THE FIVE AND TEN CENT STORE




When I was a kid my Mom gave me a small allowance. The kicker was that I couldn’t spend it all and had to give her back a certain amount of it at the end of the week or she’d deduct that from my next allowance, and I’d still have to save the same amount for the following week.  It made a fairly wise spender out of me, I can tell you that!  I can also tell you that, unknown to me, she banked those savings.  One day she handed me a small, brown savings passbook (I can still remember the color) with a tidy amount in it.  I’m not sure why I got the passbook when I did; the occasion has been superseded in my memory by the fact that I had undreamed-of savings in my hands. I do remember wanting to have some of it to take to the five and ten.
The Spalding Pinky
I loved the five and ten cent store.  I wasn’t given any treats there like the slice of bologna from the butcher or the cookie from the baker, but the treat was in all the different stuff to be seen there – everything from candy to cake pans, with great things in between.  Pinky balls, roller skates (and skate keys – I lost mine several times!), hankies, underwear, crepe paper, kitchen utensils, school supplies, or cosmetics – today we have specialty stores for most of this stuff, but then you could get it all at the five and ten – F.W. Woolworth’s to be sure. 

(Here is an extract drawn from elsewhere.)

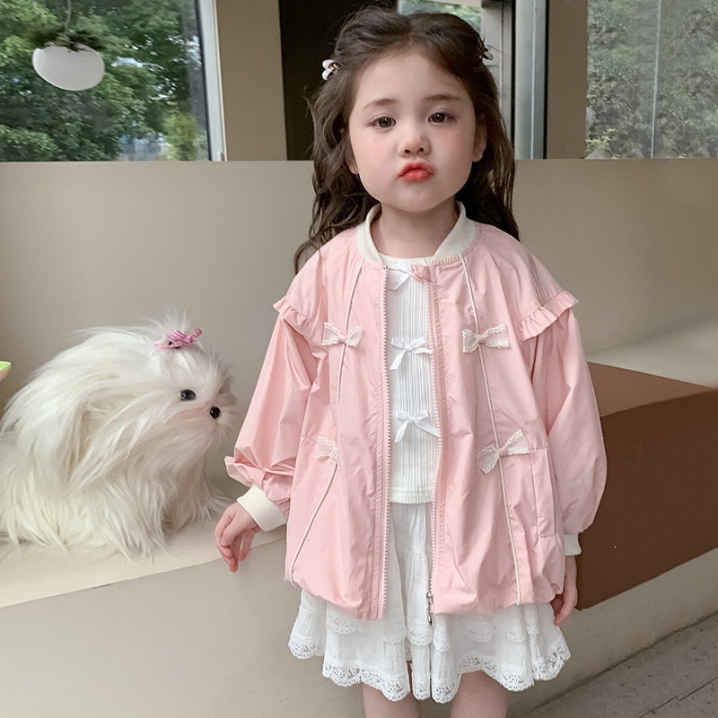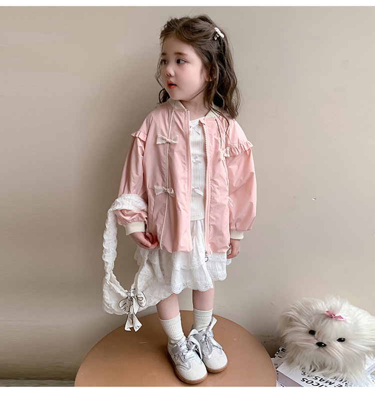 소녀 코트 봄과 가을 2025 아기 소녀의 봄 코트 더블 레이어 윈드 브레이커를위한 새로운 공주 스타일 재킷 활 탑

There was no one smell in the store – nothing like going into the bakery or drug store – but many smells: toiletries and soaps, rubber toys, pop corn, and the aromas wafting from the lunch counter.  We never had anything to eat at the lunch counter, though I wanted to.  I’d have liked to sit on one of those swivel stools and go round and round.  But in those times Mom was really watching the budget so we ate at home.

We moved a few times during my childhood, and I recall the ‘early’ five and tens, but the last was the most fun.  As with most stores of that day, the floor was wood.  It had buckled down one aisle, and it was fun to try to walk the whole way on the hump, or walk with one foot on each side of it – sort of like walking along a street with one foot on a curb and one in the gutter.

Many things we got at the five and ten are scarce today, and going to a dollar store (I call a lot of that stuff junk) or Walmart is just not the same. I will say that the closest match to the five and ten experience is going to the Vermont Country Store up in Weston, Vermont.  They bill themselves as being "purveyors of practical and hard-to-find products." They’ve got all sorts of things I haven’t seen in years: Glass Wax, Tangee lipstick (the first lipstick I was allowed to use), hair nets, Garibaldi biscuits, and lots of penny candy. They’ve even got the bumpy wood floors.

Today the Vermont Country Store
 stocks many of the same items that
were available at this Woolworth's
Before we moved to SCCL we lived only about an hour away from Weston, so a trip up there was one of our usual jaunts.  If you’re ever up that way you should make it a point to visit the Vermont Country Store and some of the other nice shops in the town.  And you can have a great lunch there too.  The Ortons, owners of the Vermont Country Store, have made the house next door into the Bryant House Restaurant.  Try the ham and cheddar melt or my favorite, the Monte Cristo, and an apricot sour.  The lunch counter at Woolworth’s was never like this – some things get better, I’m delighted to say.